Een veelgehoorde stelling is dat bestaande structuren en instituties
grensoverschrijdend denken niet aankunnen, omdat zij te veel met hun
eigen voortbestaan bezig zijn en zijn verstrikt in hun eigen routines.
Een verwante stelling, vrij populair onder politicologen, is dat de
politiek een bijzondere rol heeft bij het tot stand brengen van
systeeminnovaties. Alleen de politiek zou als hefboom kunnen dienen om
gevestigde instellingen te bevrijden van organisatorische en
institutionele beperkingen. Dat klinkt aannemelijk als de politiek
sturend zou optreden ten opzichte van gevestigde belangen en
instituties, en tegelijkertijd ruimte laat voor vernieuwing.
Binnen
de overheid moeten we echter niet op de leidende rol van de politiek
wachten. Dat is te top-down, te statelijk gedacht en het veronderstelt
een eigen systeeminnovatie binnen het politieke domein die ik voorlopig
niet zie gebeuren. Het voorbeeld van de sociale vernieuwing laat
bovendien zien dat de politiek op rijksniveau vaak het
uithoudingsvermogen mist om een langdurige impuls te geven die nodig is
voor een blijvende verandering in cultuur en gedrag. Dit alles maakt
mij sceptisch wanneer de rijksoverheid iets groots als transities
duurzame ontwikkeling op de agenda plaatst.

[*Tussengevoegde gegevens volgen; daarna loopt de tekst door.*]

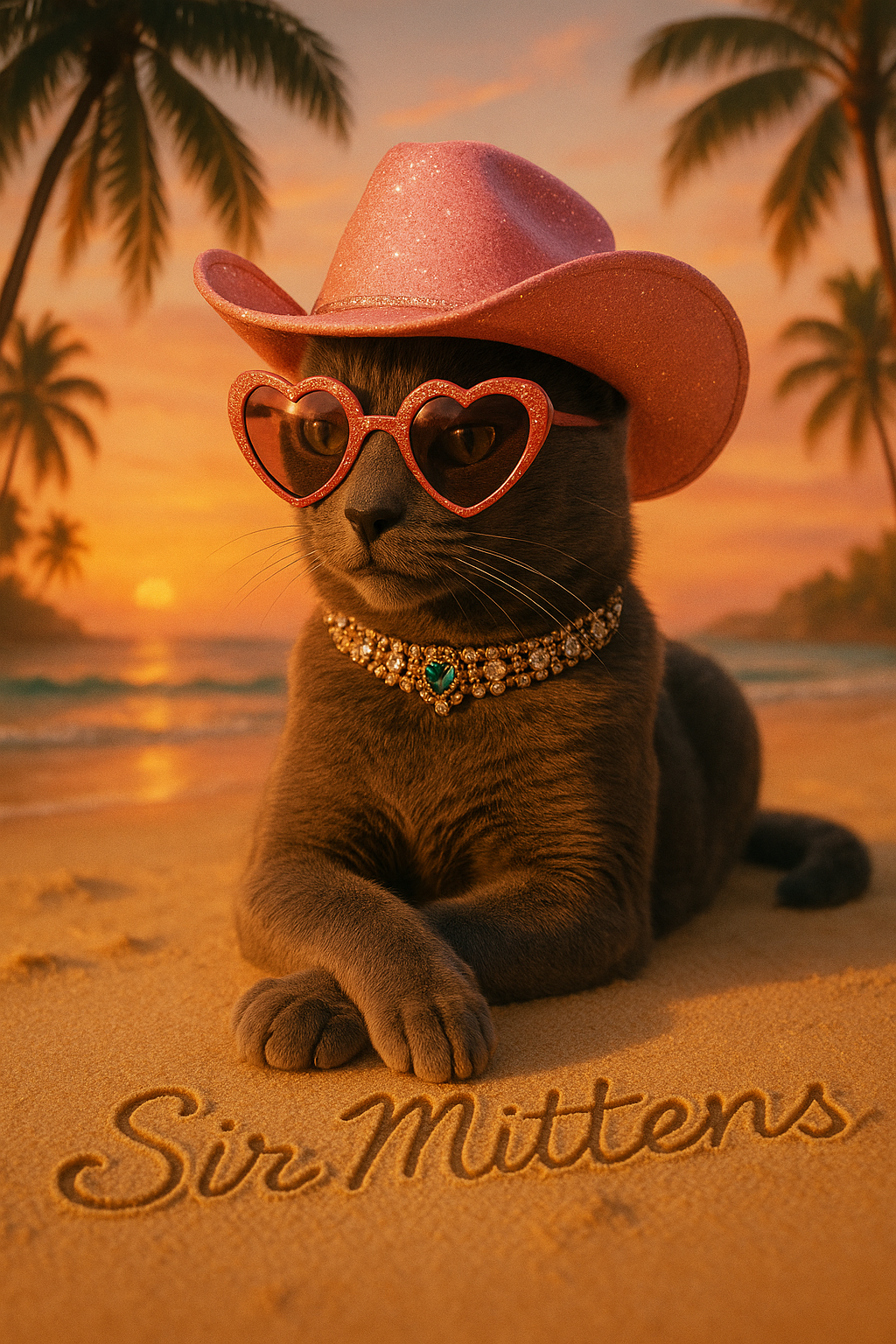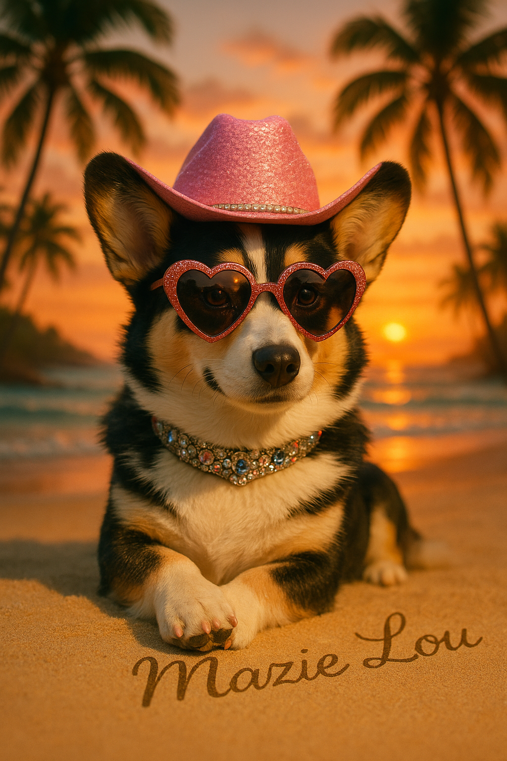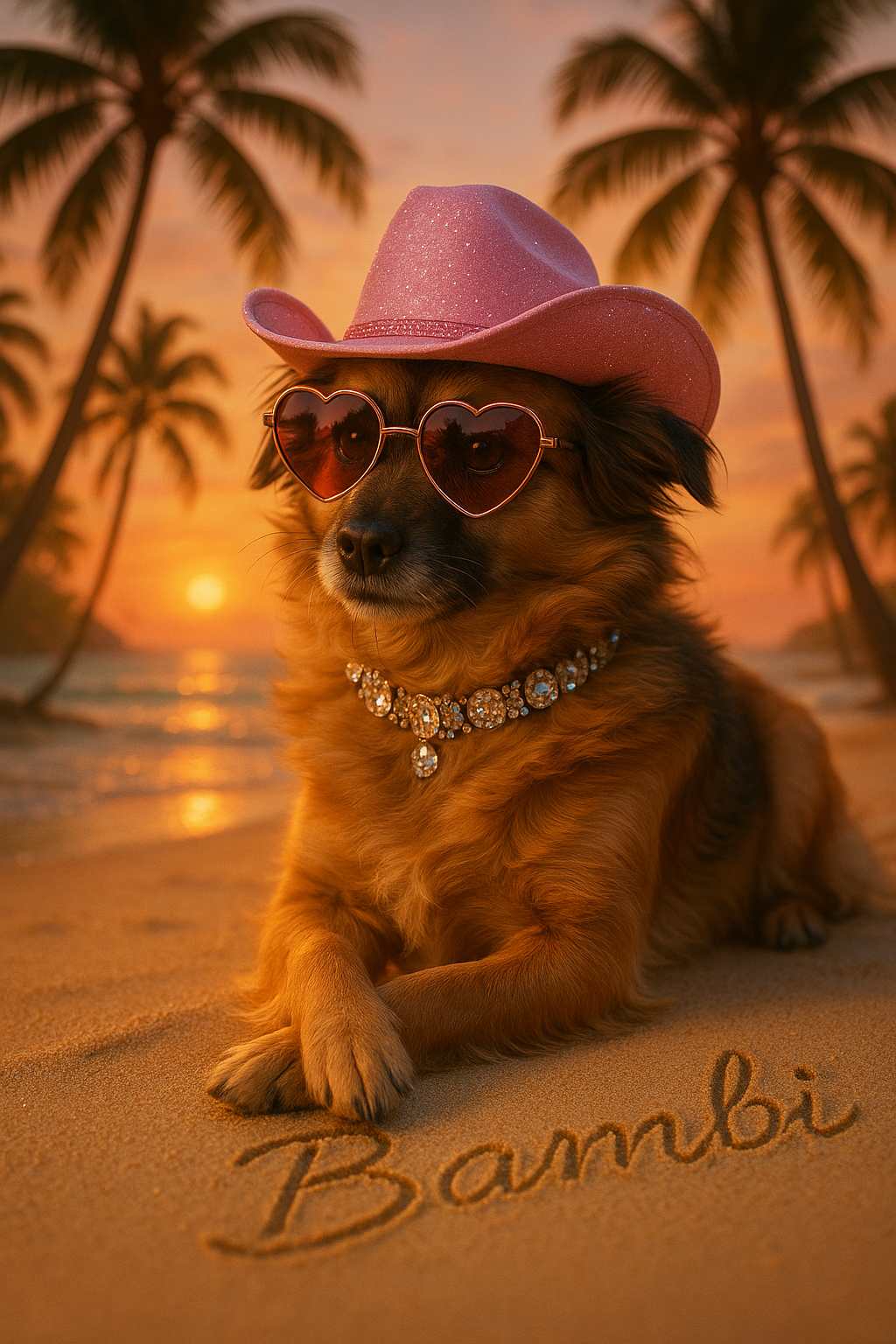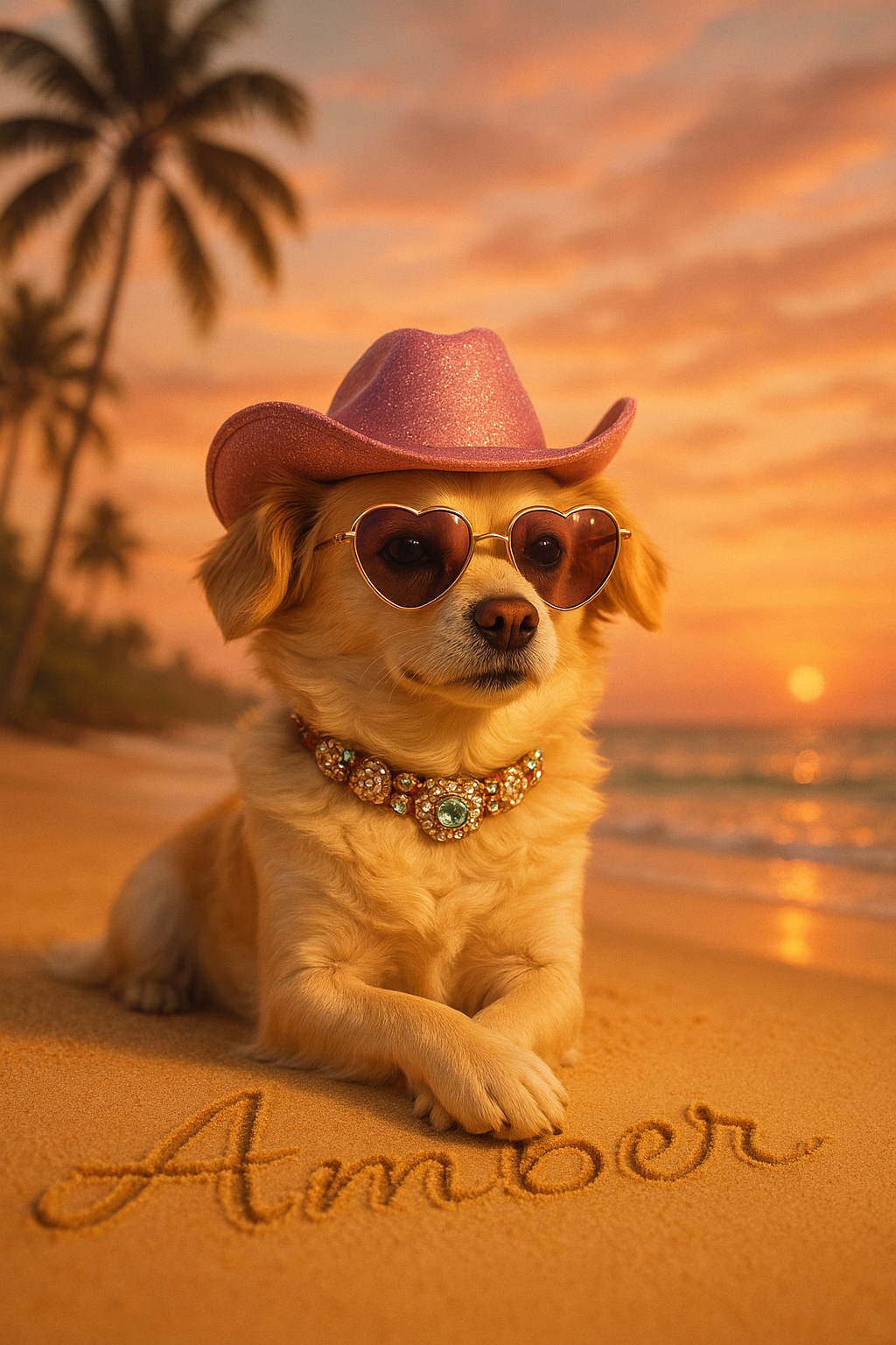 Somewhere beyond the equator, where the air tastes faintly of mango and mischief, Amber reigns over a beachside empire of sun-flecked whispers and sequined secrets. She arrived just after the tide turned—wearing heart-shaped lenses that could melt even the frostiest mojito, and a jewel-studded collar once gifted by a Calabrian countess. They say she once out-sassed an heiress in Capri and taught a tango instructor the true meaning of rhythm. Pink cowgirl hat tipped just so, Amber is less pet, more legend—dripping with a glamour that stirs the soul like a slow, seaside bolero. Display this portrait in your solarium—where the citrus trees lean in to listen—and let it awaken your inner siren of untamed sunsets and stolen glances.

Mijn stelling is dat instituties en organisaties wel degelijk boven hun
eigen beperkingen kunnen uitstijgen. Ik verklaar dat uit het
netwerkkarakter van relaties. Mensen in organisaties hebben voldoende
uiteenlopende connecties om impulsen voor vernieuwing binnen te
brengen. Die beginnen meestal niet bij de overheid, maar in de
samenleving. De kunst is om daar dan vervolgens binnen de overheid het
nodige vervolg aan te geven. Dus laat de overheid de illusie van
centrale sturing op dit punt loslaten en eerst zijn eigen interne
systeeminnovatie ter hand nemen. Verwacht transities uit autonome
maatschappelijke initiatieven en ontwikkelingen in netwerken. Ik
verwacht de grote veranderingen in productie- en consumptiegedrag bij
energievoorziening, mobiliteit en voedselvoorziening niet door
regelgeving of waardenbeïnvloeding vanuit de overheid, maar uit
technologische innovaties. Maar technologische innovaties komen niet
vanzelf; ook netwerken moeten effectief werken door versterking van hun
organiserend vermogen. De wetenschap der bestuurskunde zou er goed aan
doen zijn eenzijdige oriëntatie op de overheid los te laten en zijn
diensten aan de samenleving aan te bieden.